The WoodPussy is a 13½’ catboat designed by Philip Rhodes. The first boats were constructed in 1945 by Palmer Scott Boat Works. These boats were wood with wooden masts. The class switched to fiberglass hulls, dacron sails and aluminum masts in the early 1960s. It is estimated that 800-850 hulls were constructed by Palmer Scott, MarScott and O'Day. The Weeks Yacht Yard in New York is now building new fiberglass WoodPussys.

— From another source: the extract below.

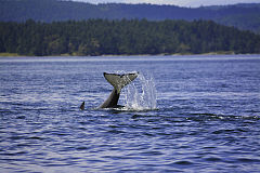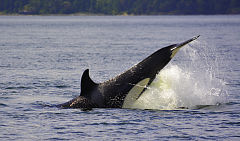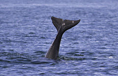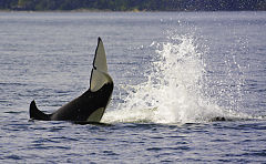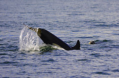 a killer whale is diving under
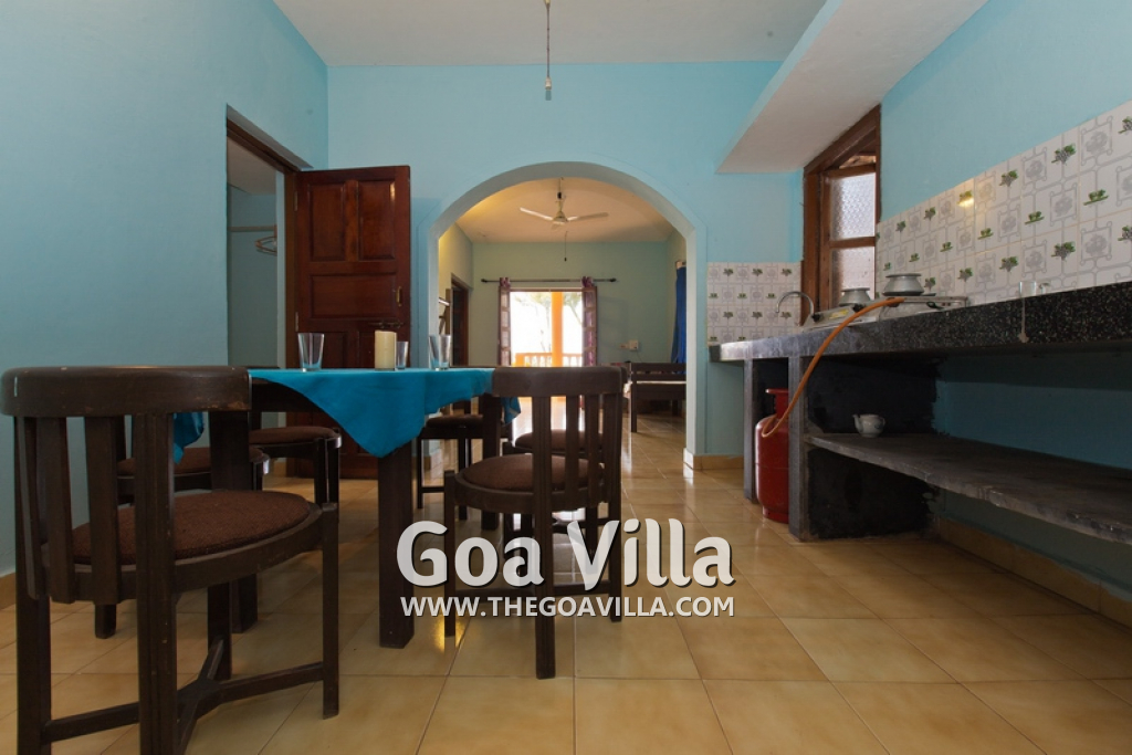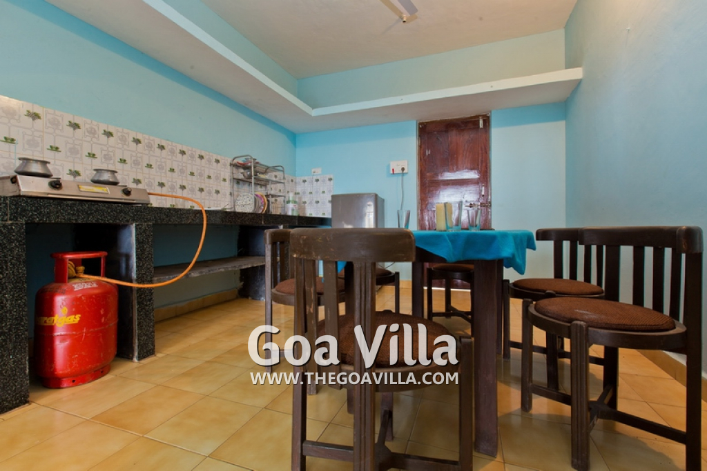 - Adjacent the living room is the dining that seats four and the kitchenette which is equipped with Refrigirator, Gas stove, Frying pan, Kettle, Juicer, Toaster, Crockery, Cutlery, Glasses and Cooking Utensils.

Today there are four fleets of WoodPussies: Monmouth Boat Club (MBC) and Shrewsbury Sailing and Yacht Club (SSYC), both in New Jersey; Crystal Lake Yacht Club, Frankfort, MI; and NorthEast WoodPussy Association, Long Island, NY. The WoodPussy is used for both daysailing and racing. The class, which is recognized by US Sailing as a one-design for racing, holds two major regattas each year: the Solo Bowl, which is limited to single-handed sailing; and the National Championship, which may be sailed either single-handed or with a crew.

For information about the boats, boats for sale, etc., contact the commodores at SSYC and MBC via the links to their home pages shown below and request referral to their WoodPussy fleet captains.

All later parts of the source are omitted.